= Alice Elliott Dark =

American writer

Alice Elliott Dark is a writer of short stories, novels and essays. She is the author of the story collections Naked to the Waist and In the Gloaming and the novels Think of England and Fellowship Point, published by Scribner/Marysue Rucci Books in July 2022.

==Early life and education==
She was born Alice Elliott Kirby in Philadelphia and grew up in Bryn Mawr, Pennsylvania, where she attended the Shipley School. She attended Kenyon College and the University of Pennsylvania, where she earned a bachelor's degree in Chinese studies. She started out as a poet and earned a masters of fine arts from Antioch, producing the chapbook This Is My Gun, Clyde as her thesis.

==Career==
Dark's novel Fellowship Point (Scribner/Marysue Rucci Books) was published to critical acclaim on July 5, 2022. The novel is set primarily on Fellowship Point, a pristine coastal Maine peninsula. It tells the story of how a lifelong friendship between two women in their 80s, Agnes Lee and Polly Wister, is tested when Agnes suggests they dissolve the joint ownership of the point by the two of them and one other shareholder and donate it to a land trust to protect it from development.

Think of England, her first novel, was published by Simon & Schuster in 2002.

The short story "In the Gloaming" was published in The New Yorker in 1993 and was selected by John Updike for inclusion in the Best American Short Stories of the Century.

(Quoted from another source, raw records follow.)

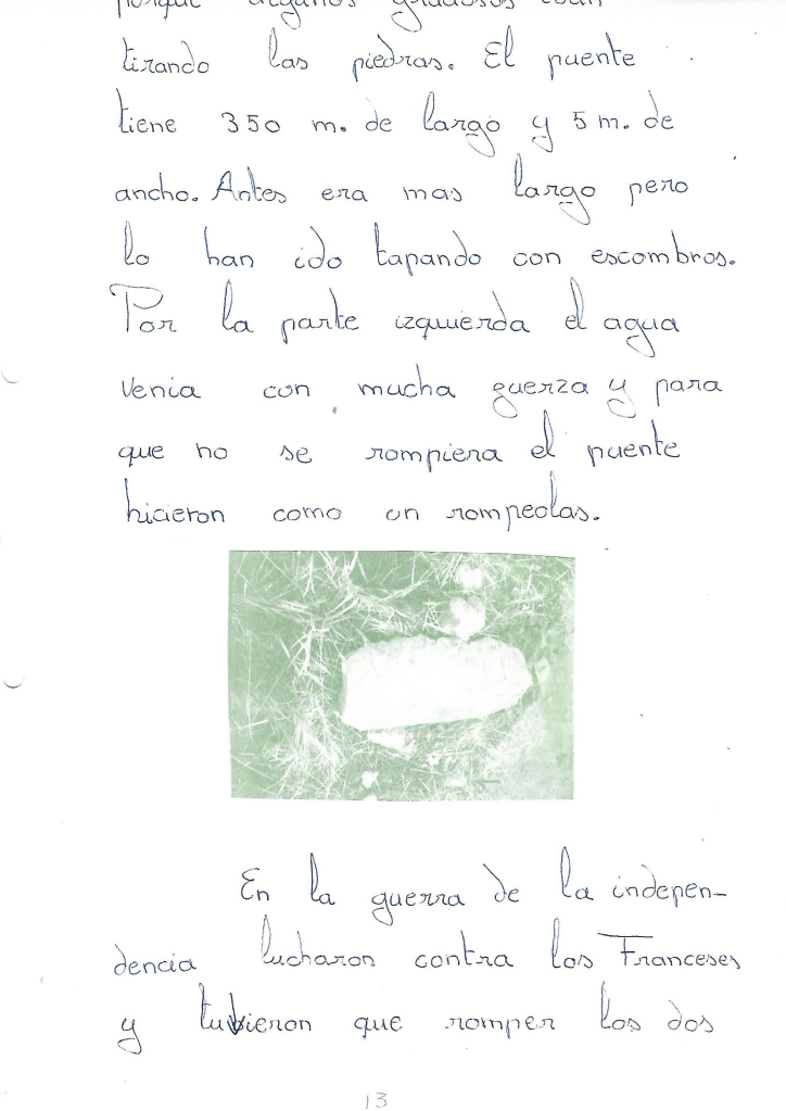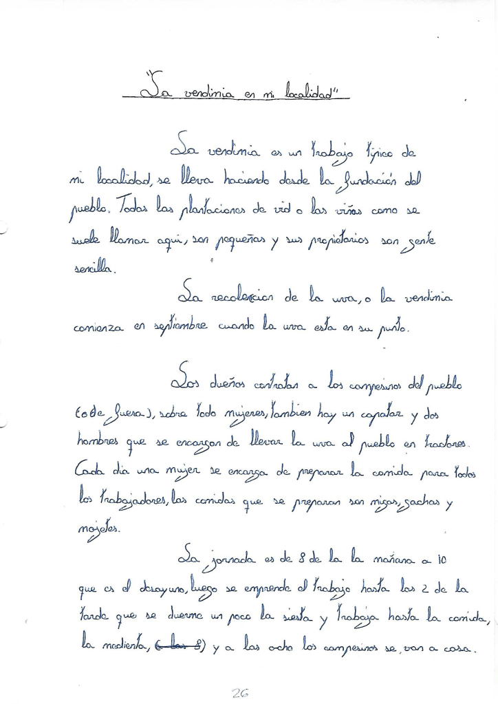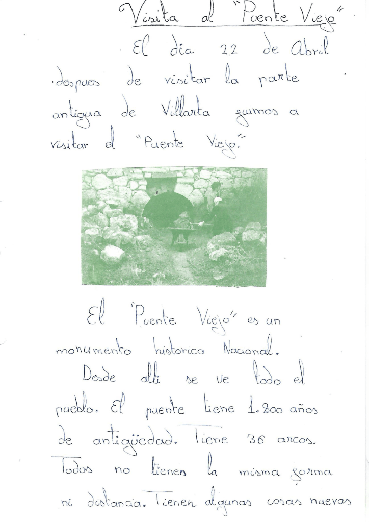 ORIGINAL MANUSCRITO DEL TRABAJO REALIZADO EL 23 DE ABRIL DE 1991 POR LOS ALUMNOS DE 4º A DEL COLEGIO Nª Sª DE LA PAZ DE VILLARTA DE SAN JUAN (CIUDAD REAL).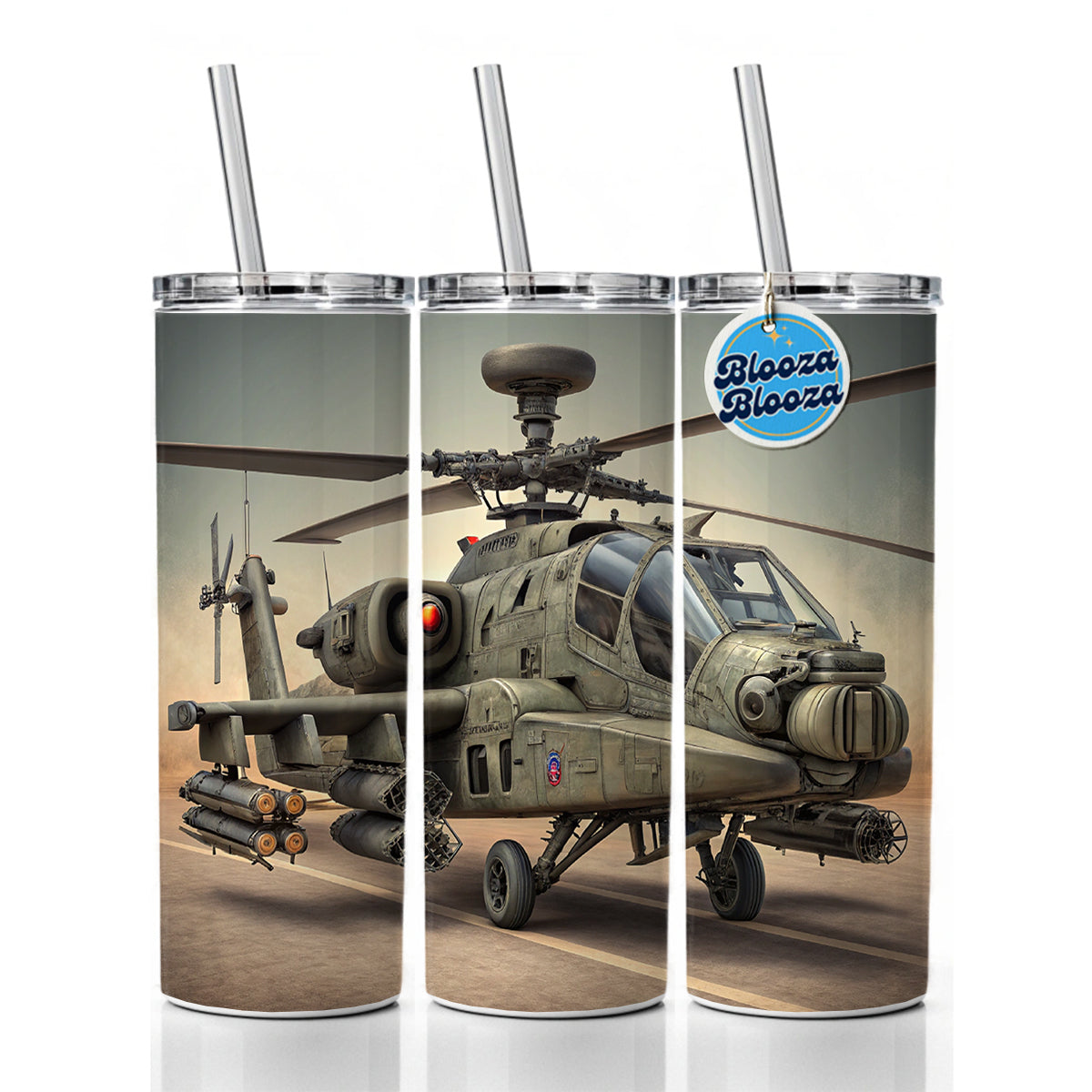 AH-64 Apache US Army Attack Helicopter Skinny Tumbler 20oz with Straw Insulated Water Bottle Gift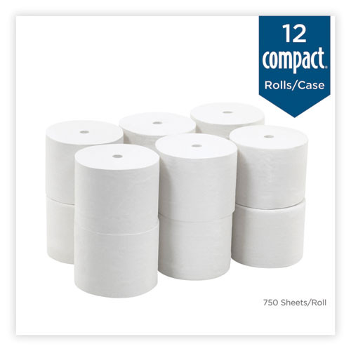 Compact Coreless Bath Tissue, Septic Safe, 2-ply, White, 750 Sheets/roll, 36/carton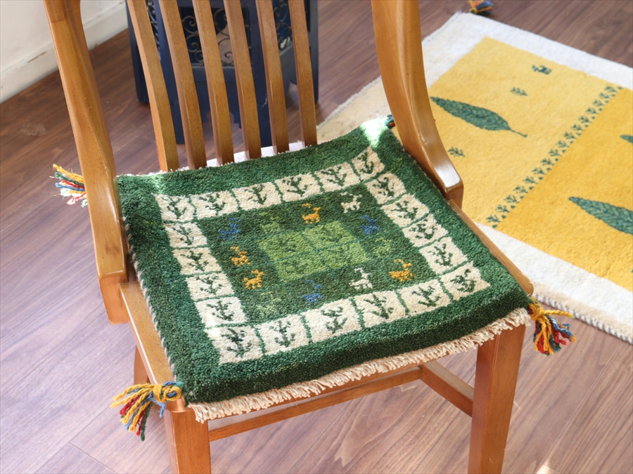 ギャッベ イラン産手織り 座布団サイズ 41x41cm グリーン タイルデザイン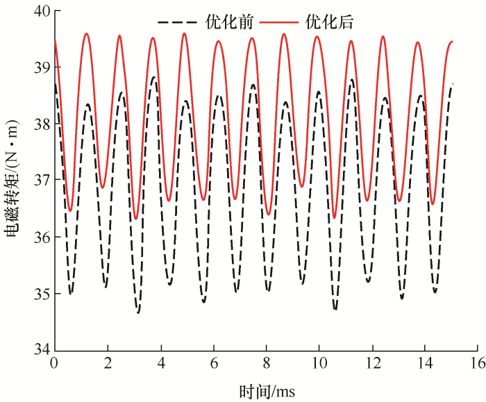 电机优化前后的输出转矩如图12所示,优化后电机的输出转矩明显提高,其中平均输出转矩由优化前的36.8 N·m增大到38.2 N·m,增幅为3.9%。另外,转矩波动也得到了一定的抑制,由优化前的11.33%减小到8.72%。说明本文的优化方法能够有效提高电机性能。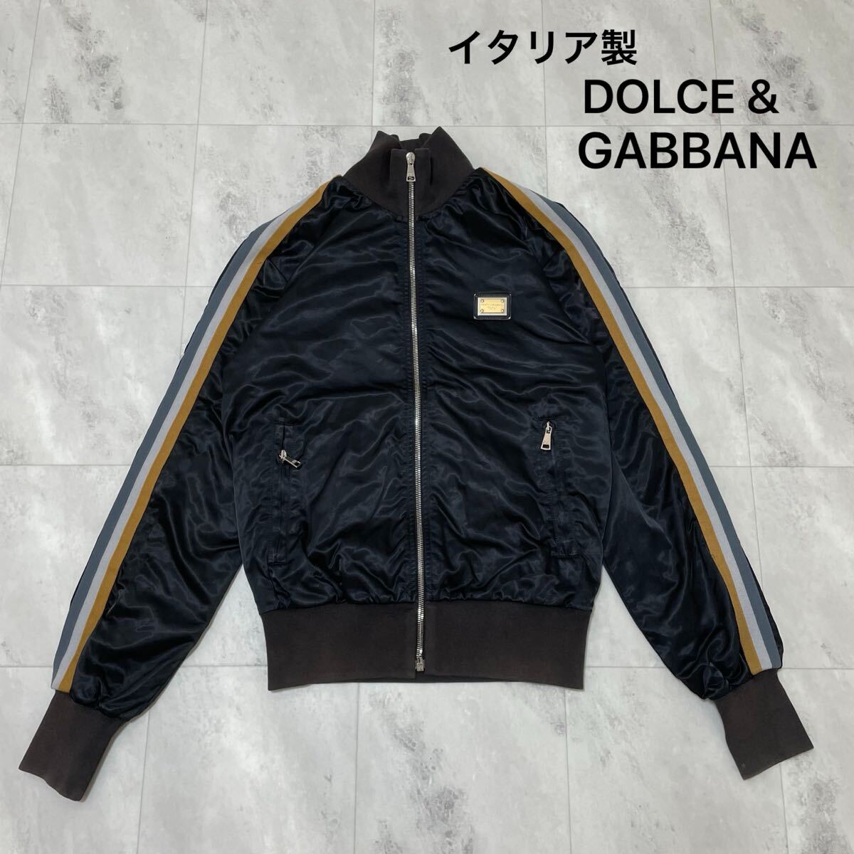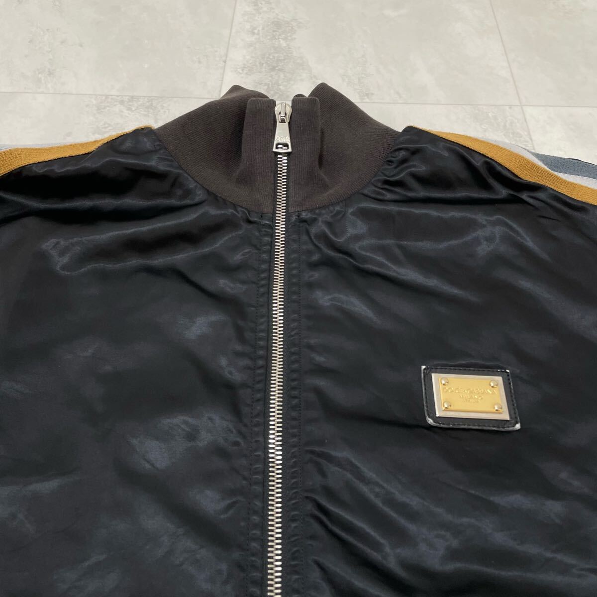 イタリア製 DOLCE&GABBANA ドルチェアンドガッバーナ トラックジャケット ロゴプレート ジップアップ ジャージ ブラック サイズ44 玉SS3170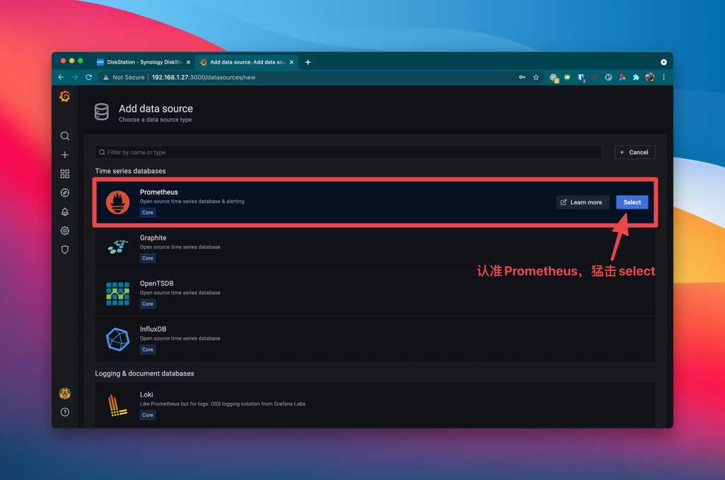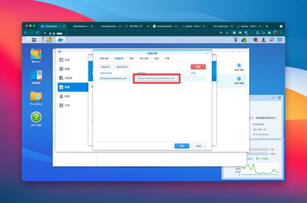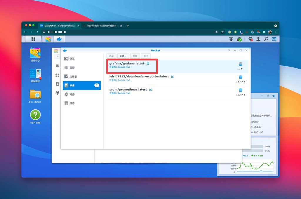 同样的,在群晖Docker的映像页面,选择新增一个映像,URL输入https://hub.docker.com/r/prom/prometheus,现在你的映像这一栏应该至少有2个映像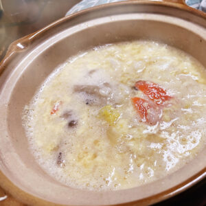 鍋を食べた後、残り汁でつくる、たまご雑炊も美味しいよね~🥚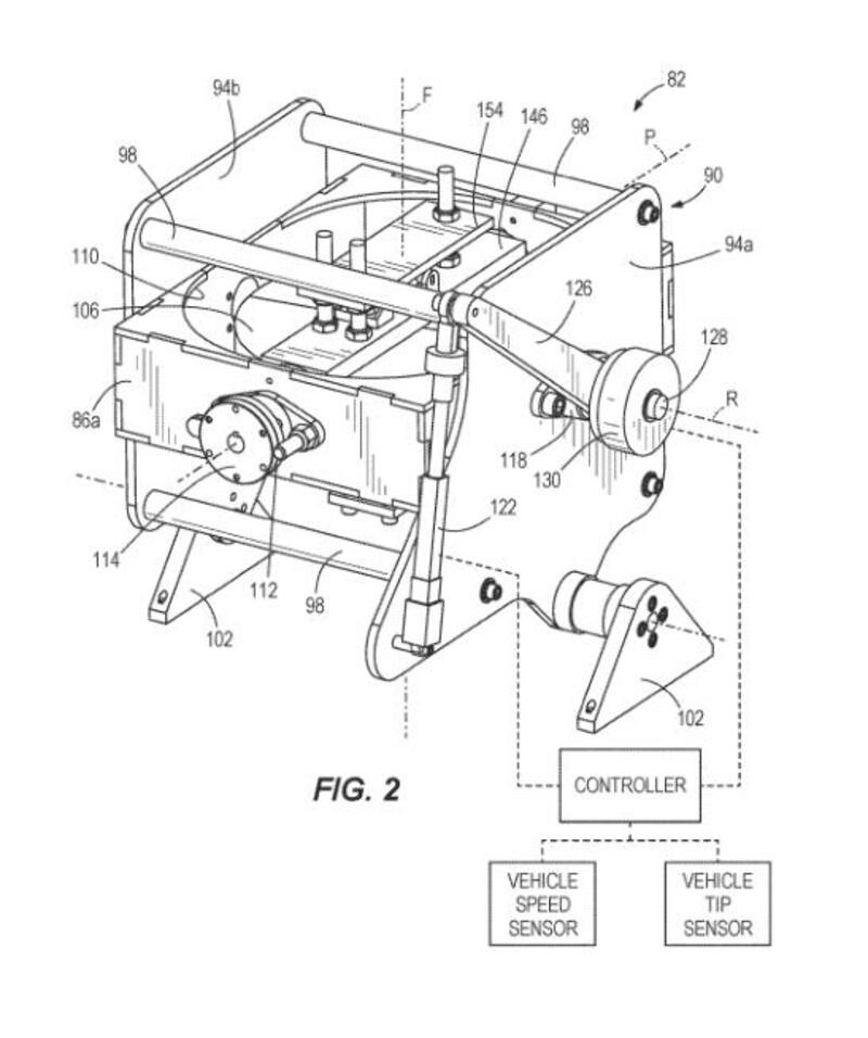 Il "gyroscopic rider assist device" di cui alla richiesta di brevetto 16/196067 dell'ufficio brevetti americano, è un semplice dispositivo giroscopico meccanico che prevede un volano rotante - grazie ad un motore elettrico - ad una velocità tra i 10000 e i 20000 giri/min, ma viene citata anche una variante che ruota tra i 30000 e i 40000 giri/min. Lo stesso giroscopio durante la marcia normale è libero di muoversi nei sensi di rollio e beccheggio, senza influenzare in alcun modo la guida se non per il suo peso. Sono presenti anche dei sensori di inclinazione e di velocità collegati ad un controller che, nel momento in cui la velocità scende sotto le tre miglia orarie e l'angolo di piega rispetto alla verticale viene ritenuto eccessivo, attiva una frizione e un giunto per far inclinare il giroscopio e applicare così alla moto una forza che la riporti in posizione verticale.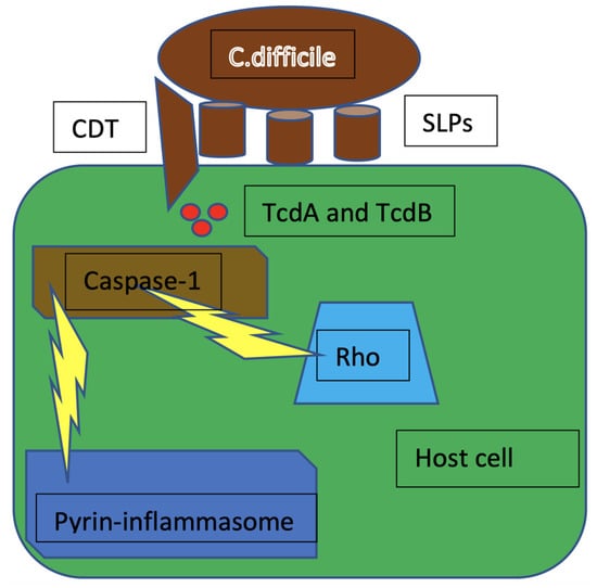 C. difficile mechanisms of infection involve the binding of SLPs with cholesterol-rich microdomains, known as lipid rafts, in the host’s cell membrane. SLPs are divided into a stable high molecular weight protein and a variable low molecular weight protein, resulting from the cleavage of the product of the gene slpA. Following adhesion, TcdA and TcdB enter the host through protrusion induced by CDT. C. difficile adhesion to infected cells triggers the release of inflammatory cytokines like IL-1β and IL-23. Chen et al. demonstrated that SLPs induce the release of IL-1β and the maturation of caspase-1, thus activating the inflammasome []. C. difficile SLPs activate the inflammatory response through binding to the toll-like receptor 4 (TLR4) of enterocytes. This causes the activation of the transcription factor nuclear factor kB (NF-kB), which induces the transcription and translation of genes coding for inflammatory cytokines whose task is to recruit leukocytes to the site of infection. Prominent among these cytokines are IL-1β and IL-18, the production of which occurs through the formation of the pyrin inflammasome by the binding of pyrin to the adaptor ASC []. Inflammasome activation is an important mediator of the innate immune response that requires a priming and an activation phase following which a cleavage occurs, thus leading to a particular type of cell apoptosis, called pyroptosis, with release of inflammatory cytokines by dead cells. In general, the main factors that trigger inflammasome activation are the recognition of PAMPs and DAMPs or the action of bacterial toxins. In the context of CDI, the pyrin inflammasome can be activated by sensing the inactive state of Rho GTPases, which are in turn inactivated by toxins A and B. The action of the inflammasome results in the release of pro-IL-1β and IL-8 from the pores of the cytoplasmic membrane [].

It also was included in The Best American Short Stories 1994, as selected by Tobias Wolff. "In the Gloaming" was made into an HBO film starring Glenn Close and directed by Christopher Reeve.

Dark's short story "Watch the Animals", published in Harper's Magazine, was awarded an O. Henry Award in 2000. She has published stories in Doubletake, Five Points, Ploughshares, A Public Space, and Redbook. Her essays and reviews have appeared in publications such as The New York Times, The Washington Post, and Harper's Bazaar, and she is a frequent contributor of essays on a wide range of subjects to several anthologies.

Dark is the recipient of an NEA grant and has taught at the Writer's Voice in New York City, Bard College, Manhattanville College, Barnard College, and Rutgers University. She lives in New Jersey with her husband Larry Dark, formerly the series editor for Prize Stories: The O. Henry Awards and currently director of The Story Prize, an annual book award for short story collections. She also has a son Asher Dark.

She is an associate professor at Rutgers University-Newark.